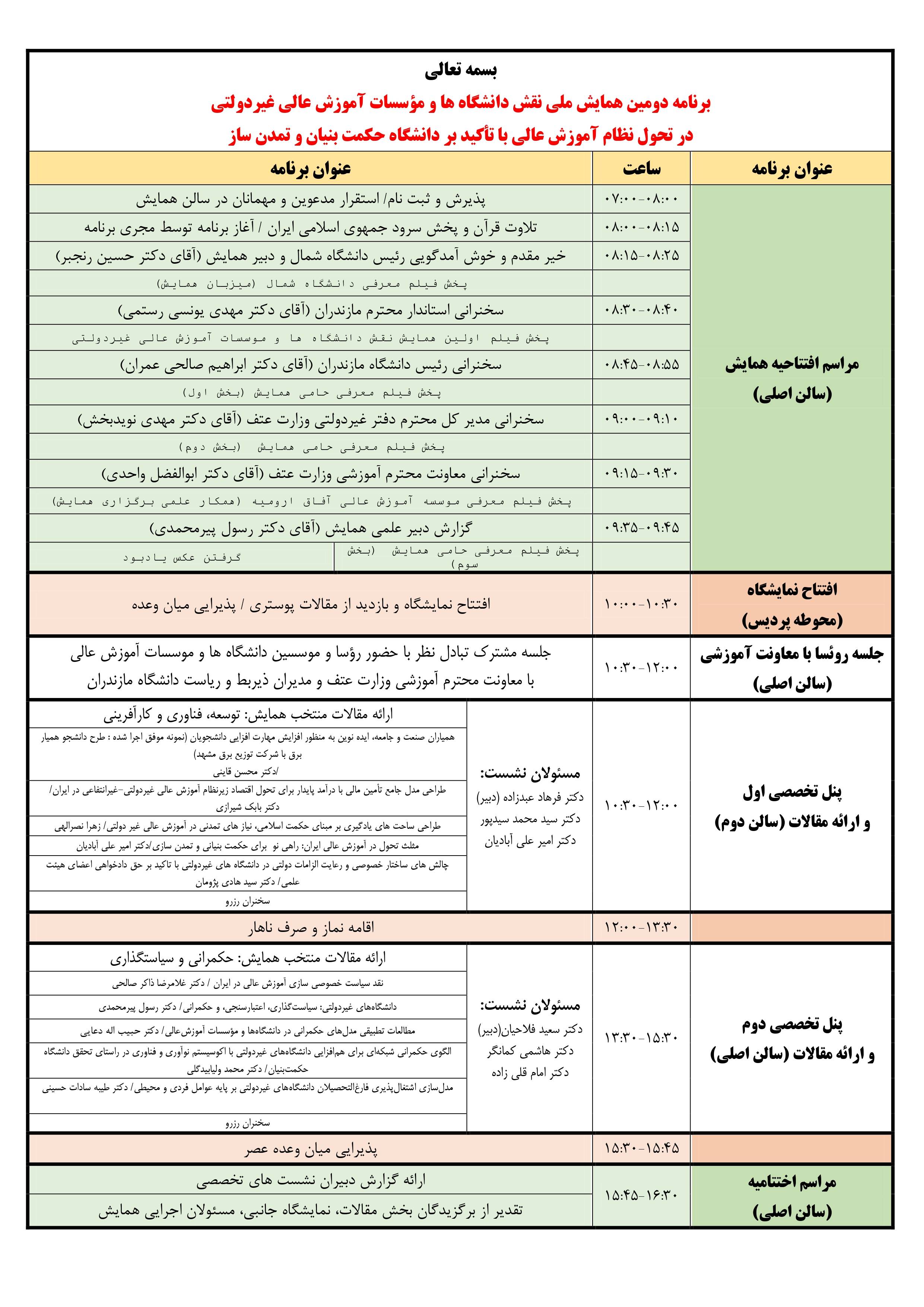 دومین همایش ملی نقش دانشگاه ها و موسسات آموزش عالی غیردولتی در تحول نظام آموزش عالی با تاکید بر دانشگاه حکمت بنیان و تمدن ساز
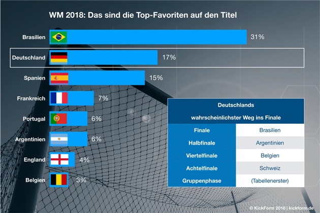 Die komplette Simulation der WM 2018 mit den einzelnen Spielen finden Sie unter https://www.kickform.de/
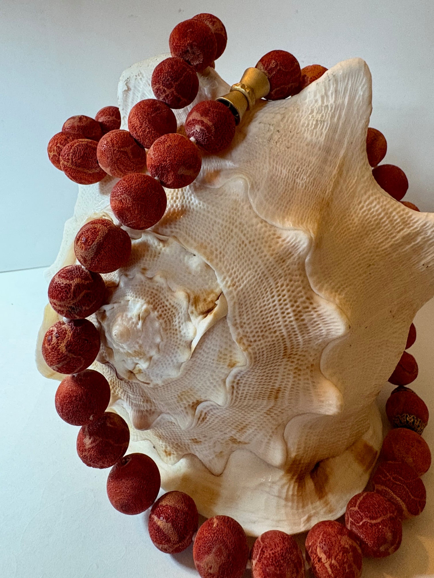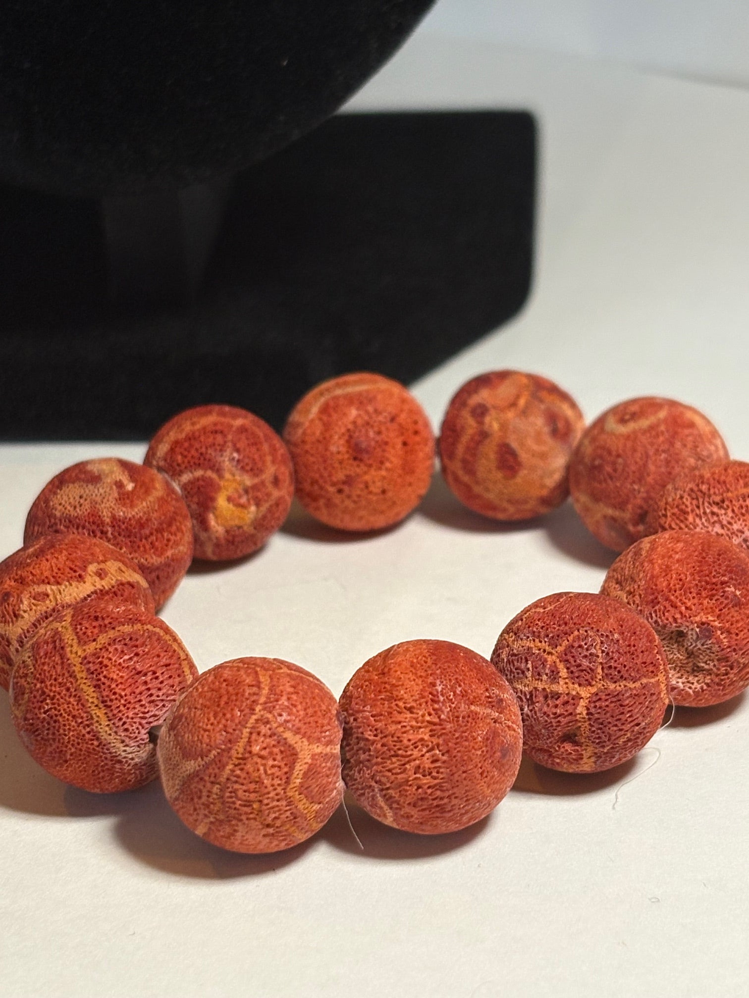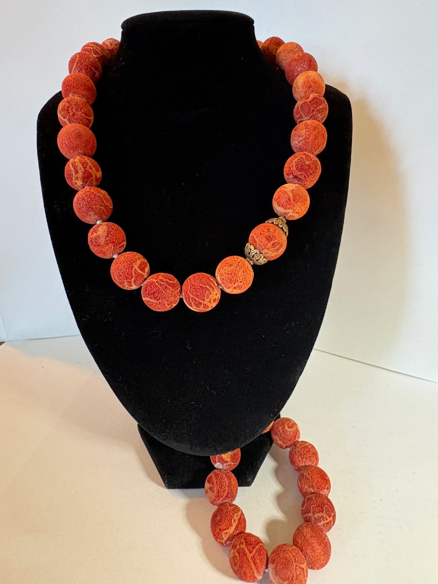 Dieses Vintage-Schmuckset kombiniert eine ausdrucksstarke Halskette mit einem passenden elastischen Armband, beide gefertigt aus Schaumkorallen-Elementen in warmen Rot- und Naturtönen. Die Farbnuancen und die organische Kugelform verleihen dem Set eine natürliche, lebendige Ausstrahlung mit klassischem Charakter.

— Problem to solve —
Could you give the material again exactly as it stands, omitting any image?

— Reply —
 دومین همایش ملی نقش دانشگاه ها و موسسات آموزش عالی غیردولتی در تحول نظام آموزش عالی با تاکید بر دانشگاه حکمت بنیان و تمدن ساز
 Die komplette Simulation der WM 2018 mit den einzelnen Spielen finden Sie unter https://www.kickform.de/
 Dieses Vintage-Schmuckset kombiniert eine ausdrucksstarke Halskette mit einem passenden elastischen Armband, beide gefertigt aus Schaumkorallen-Elementen in warmen Rot- und Naturtönen. Die Farbnuancen und die organische Kugelform verleihen dem Set eine natürliche, lebendige Ausstrahlung mit klassischem Charakter.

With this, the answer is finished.